If you are a user of Ames Stereo Pipeline, these settings should look pretty similar. The search chip defines the search range for which pointreg will look for matching imagery. The pattern chip is simply the kernel size of the matching template. You will likely have to redefine the search range when you are working with new imagery. Use qnet to get an idea for what your pixel shifts are search ranges should be. A search range of 75 pixels in all directions is what happened to work for me with these specific CTX images.

With those settings, I was able to register 38/47 existing control points! The reset I’ll have to register manually in qnet. Using qnet to quickly register points is a bit of a fine art that I don’t think I can describe here. Maybe when I have free time I could make a video.

After you cleaned up the last 9 control points in qnet, we should have a complete control network in the control_pointreg.net file. We are ready to run jigsaw and update the camera pointing. Here’s the command:

jigsaw fromlist=cube.lis update=yes twist=no radius=yes cnet=control_pointreg.net onet=control_ba.net

From my jigsaw’s terminal output, I can see that the starting projection error for this control network was 58.9 pixels on average. This is the sigma0 value under iteration 1. After jigsaw converged by rotating the cameras’ pose and by moving the control points, the sigma0 dropped to 1.2 pixels. This is quite an improvement that should help in DTM quality. If you happen to mess up and write a camera solution to your input files that is incorrect, you can simply run spiceinit to revert your changes.

In the next version of Ames Stereo Pipeline (ver 1.0.6 or 2.0), we’ll probably be providing the ability to render the triangulation error of a DTM. Triangulation error is simply how close the projected rays of the image came together. It is one of many measurements that can be used to judge the quality of a DTM. I’ve gone ahead and rendered DTMs that use both the jigsaw’d and non versions of these CTX images. On the upright right is their hillshaded colormap output. Visually, there’s not a noticeable difference between the two. However the height range has changed drastically. The orignal data produced height ranges between 0.6 km and 4.9 km however the bundle adjusted data produces a range between -8.9 km and -4.4 km. The colormap figure I’ve produced uses two different color scales for those DTMs just to simply show that the DTM hasn’t pivoted any. The only change was a height drop.
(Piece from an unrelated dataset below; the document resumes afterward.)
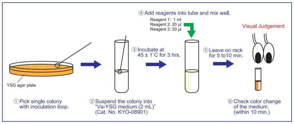 The reagents on this page provide a simple, rapid, and efficient procedure to detect guaiacol producing TAB. In this method, individual TAB colonies isolated from a test article (i.e., colonies surviving 18-20 hours culture at 45 C on acidic YSG Agar plates) are cultured in Va-YSG (Va = vanillic acid) medium before testing the broth for the presence of guaiacol by a sensitive enzymatic assay. Va induces the expression of genes that facilitate guaiacol synthesis, maximizing guaiacol and thus helping to insure that all colonies capable of forming guaiacol will be detected.

I’ve also produce colormap output of the triangulation error. Here we can really see that jigsaw has made a difference for good. The color green represents a triangulation error of 1 meter, blue 0.1 meter, and yellow 10 meters. From the figure on the left, it’s clear to show that for the most part bundle adjustment improved every pixel in the image.
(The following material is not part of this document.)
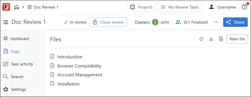 Use the Files view in a review task to open the task files, see who is working in them, upload or create new files, and download the task content.

I’m sorry that this has been a run on article. Writing this was also an experiment for me. I hope I’ve shown you how to use ISIS’s control network tools and I’ve managed to show myself that fixed ground control points in jigsaw seem to be required. I have very little trust in the absolute height values in the DTM. I think their relative measurements are correct but I was definitely not expecting the 10 km drop in height between non and bundle adjusted solutions.